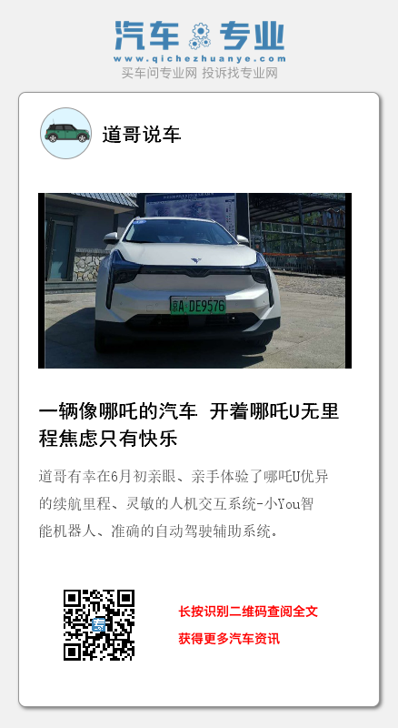 道哥有幸在6月初成为哪吒U山海经大型试驾体验活动第二站——北京站的试驾媒体,亲眼、亲手体验了哪吒U优异的续航里程、灵敏的人机交互系统-小You智能机器人、准确的自动驾驶辅助系统。
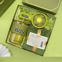 Set Regalo Aziendale Personalizzato con Logo, Tazza Verde, Asciugamano e Ventilatore, Spedizione Diretta dalla Fabbrica
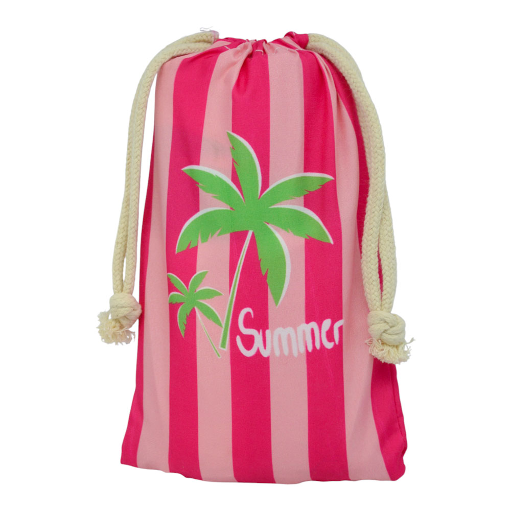 Πετσέτα Microfiber 200Gsm Με Θήκη Και Σχέδιο Κόκκινο Ροζ Ριγέ 80X160Εκ. Ankor
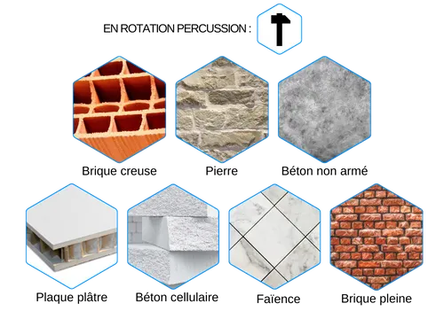 – Avec percussion, le béton, la brique (creuse ou pleine), la pierre.
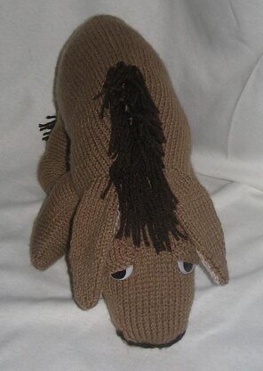 A gloomy donkey to knit. Poor old thing needs cuddling to make him happy! Make him in brown or grey – or one of each, so they can grumble at each other! Use your choice of DK/8 ply yarn: grey or mid brown x 80 gms, fawn or cream x 10 gms for inner ears, dark brown x 10 gms for mane and tail. He is made in two main pieces, seamed together like a fabric toy. The sample has sew on eyes but please use safety eyes with click-on backs for children 3 years or younger.
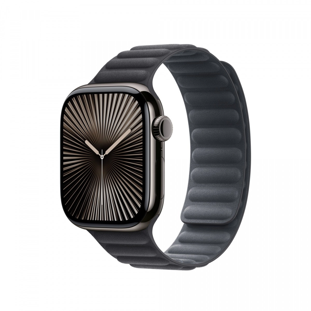 Černý žebrovaný magnetický řemínek, vyrobený z jemné textilie FineWoven, elegantně obepíná vaše zápěstí. Zvláštní tvarované magnety zajišťují, že řemínek zůstává pevně a pohodlně upevněn po celý den.
════
Leave out every picture, and copy exactly the lines from the line that contains "A gloomy donkey" through the end of the material.

 A gloomy donkey to knit. Poor old thing needs cuddling to make him happy! Make him in brown or grey – or one of each, so they can grumble at each other! Use your choice of DK/8 ply yarn: grey or mid brown x 80 gms, fawn or cream x 10 gms for inner ears, dark brown x 10 gms for mane and tail. He is made in two main pieces, seamed together like a fabric toy. The sample has sew on eyes but please use safety eyes with click-on backs for children 3 years or younger.
 Černý žebrovaný magnetický řemínek, vyrobený z jemné textilie FineWoven, elegantně obepíná vaše zápěstí. Zvláštní tvarované magnety zajišťují, že řemínek zůstává pevně a pohodlně upevněn po celý den.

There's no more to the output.